* [Task]:
Using the data below, transcribe exactly everything from the line that contains "해설지에 보면 '중뇌는" down to the line that contains "Por instrucción de". Include both of those lines and none of the pictures.

* [Material provided]:
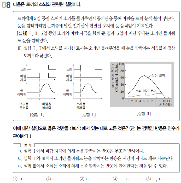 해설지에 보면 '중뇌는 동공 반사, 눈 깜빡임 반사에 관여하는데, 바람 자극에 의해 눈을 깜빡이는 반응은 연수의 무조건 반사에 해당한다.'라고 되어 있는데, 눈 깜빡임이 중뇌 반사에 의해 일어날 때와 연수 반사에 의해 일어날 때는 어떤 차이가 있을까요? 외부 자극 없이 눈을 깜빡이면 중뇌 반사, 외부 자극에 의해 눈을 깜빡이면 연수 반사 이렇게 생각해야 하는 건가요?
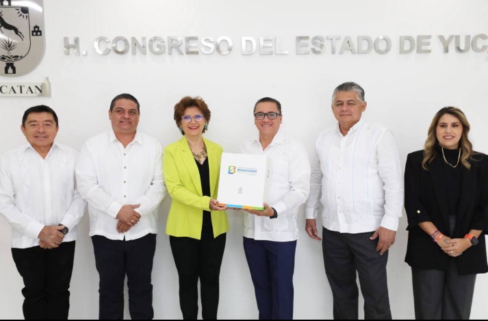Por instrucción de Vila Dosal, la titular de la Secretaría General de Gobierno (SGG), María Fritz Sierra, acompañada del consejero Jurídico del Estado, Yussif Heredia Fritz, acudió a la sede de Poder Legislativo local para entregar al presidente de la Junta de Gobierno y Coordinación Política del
...
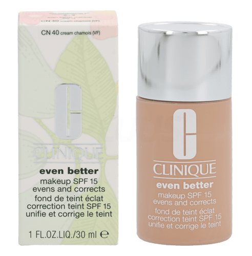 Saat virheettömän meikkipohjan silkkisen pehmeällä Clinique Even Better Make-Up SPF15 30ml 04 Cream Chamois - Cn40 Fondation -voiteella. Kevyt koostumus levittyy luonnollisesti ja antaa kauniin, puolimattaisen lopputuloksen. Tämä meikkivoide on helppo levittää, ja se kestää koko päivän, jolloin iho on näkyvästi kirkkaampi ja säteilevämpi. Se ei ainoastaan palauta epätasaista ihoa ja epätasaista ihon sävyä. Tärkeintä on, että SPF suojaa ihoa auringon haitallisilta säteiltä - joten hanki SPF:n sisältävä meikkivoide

* [Result for this task]:
 해설지에 보면 '중뇌는 동공 반사, 눈 깜빡임 반사에 관여하는데, 바람 자극에 의해 눈을 깜빡이는 반응은 연수의 무조건 반사에 해당한다.'라고 되어 있는데, 눈 깜빡임이 중뇌 반사에 의해 일어날 때와 연수 반사에 의해 일어날 때는 어떤 차이가 있을까요? 외부 자극 없이 눈을 깜빡이면 중뇌 반사, 외부 자극에 의해 눈을 깜빡이면 연수 반사 이렇게 생각해야 하는 건가요?
Por instrucción de Vila Dosal, la titular de la Secretaría General de Gobierno (SGG), María Fritz Sierra, acompañada del consejero Jurídico del Estado, Yussif Heredia Fritz, acudió a la sede de Poder Legislativo local para entregar al presidente de la Junta de Gobierno y Coordinación Política del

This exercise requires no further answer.